Two of the world's great cities, New York and Beijing, were among those imaged by Leroy Chiao during Expedition 10. Large urban centers such as these serve as global economic, social, and cultural centers. The establishment and growth of cities also alters local and sometimes regional climate patterns, hydrology, and ecology. Replacement of existing soil and vegetation by asphalt and concrete fosters the creation of urban "heat islands," increases surface water runoff, decreases groundwater recharge, and fragments pre-existing ecosystems.
While cities represent people's most visible alteration of Earth's
surface, numerous other regions of the planet are also directly or
indirectly impacted by human activities. Photography of glaciers,
deserts, coastal regions, and lakes provide data for tracking changes.

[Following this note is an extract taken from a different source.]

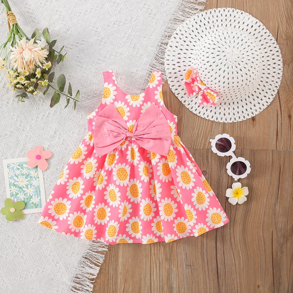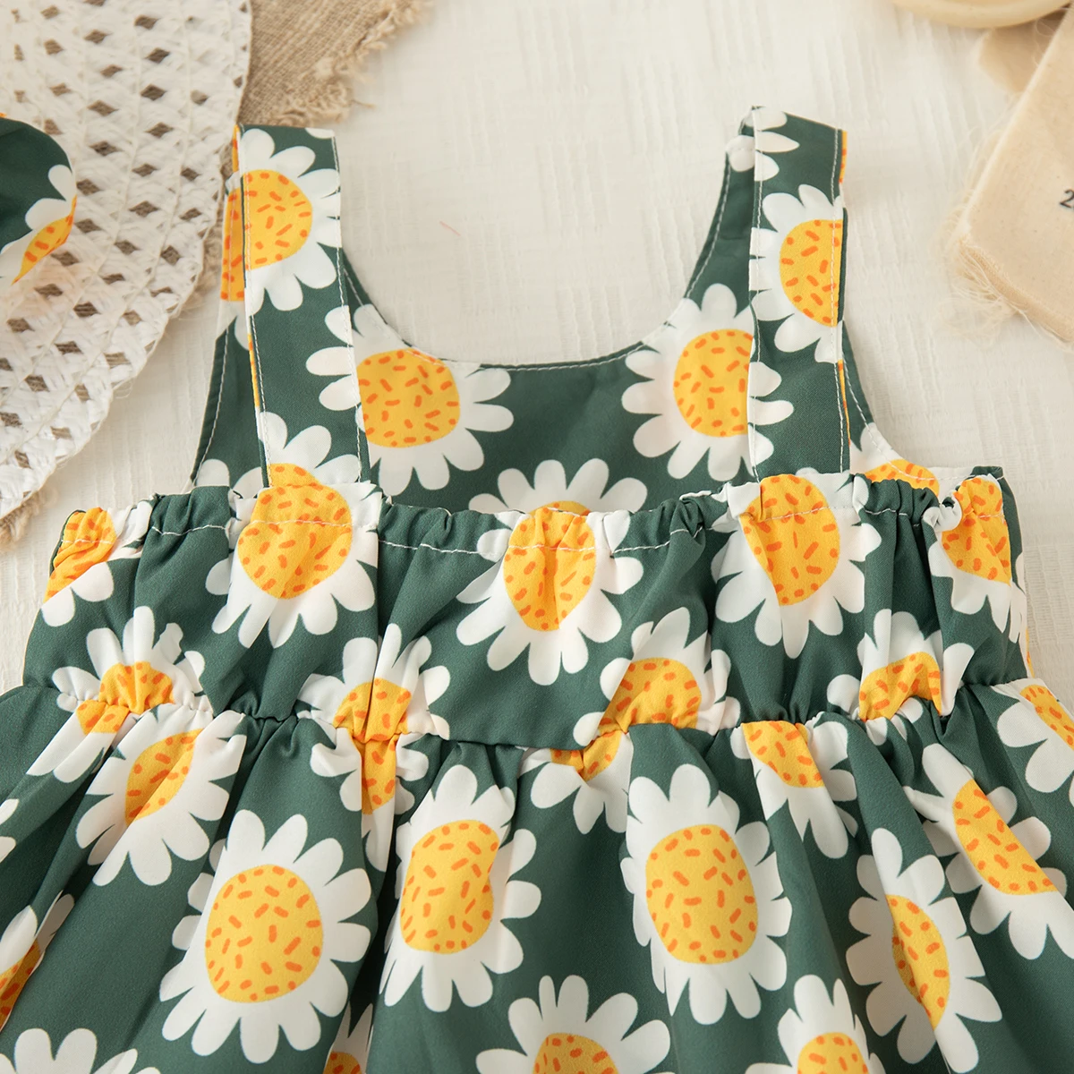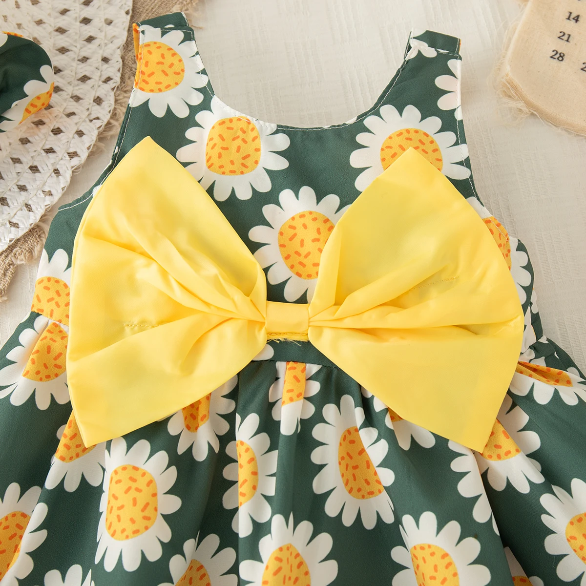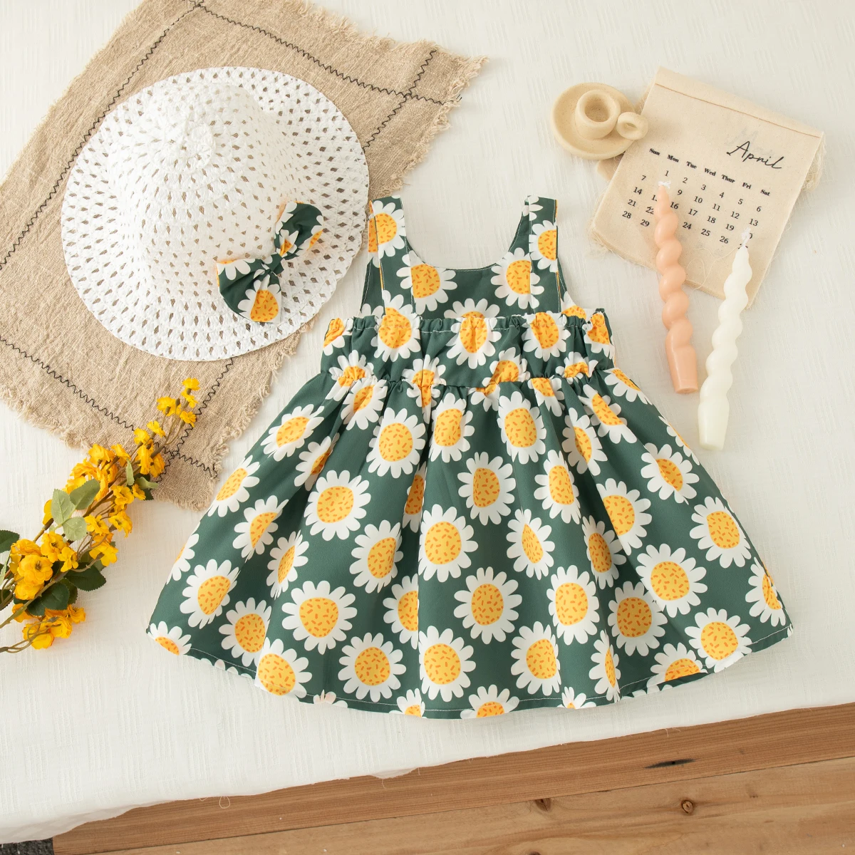 Baby Girl Dress Summer Bow And Sunflower Pattern Halter Beach Girl Kid’s Dress Cute Casual Baby Dresses With Hat

Astronauts document the advance and retreat of glacial ice due to
climate change; location and structure of dune fields related to
desertification; changes to coastlines and deltas following hurricanes
or human development; and changes to lakes and rivers related to land
cover and land use change. Digital astronaut photographs only record
data in the visible red, green, and blue wavelengths of light (not
infrared, for example), but the variety of acquisition times and
spatial resolutions make these data useful additions to more
traditional multispectral and hyperspectral datasets from satellites
and other remote-sensing platforms like aircraft.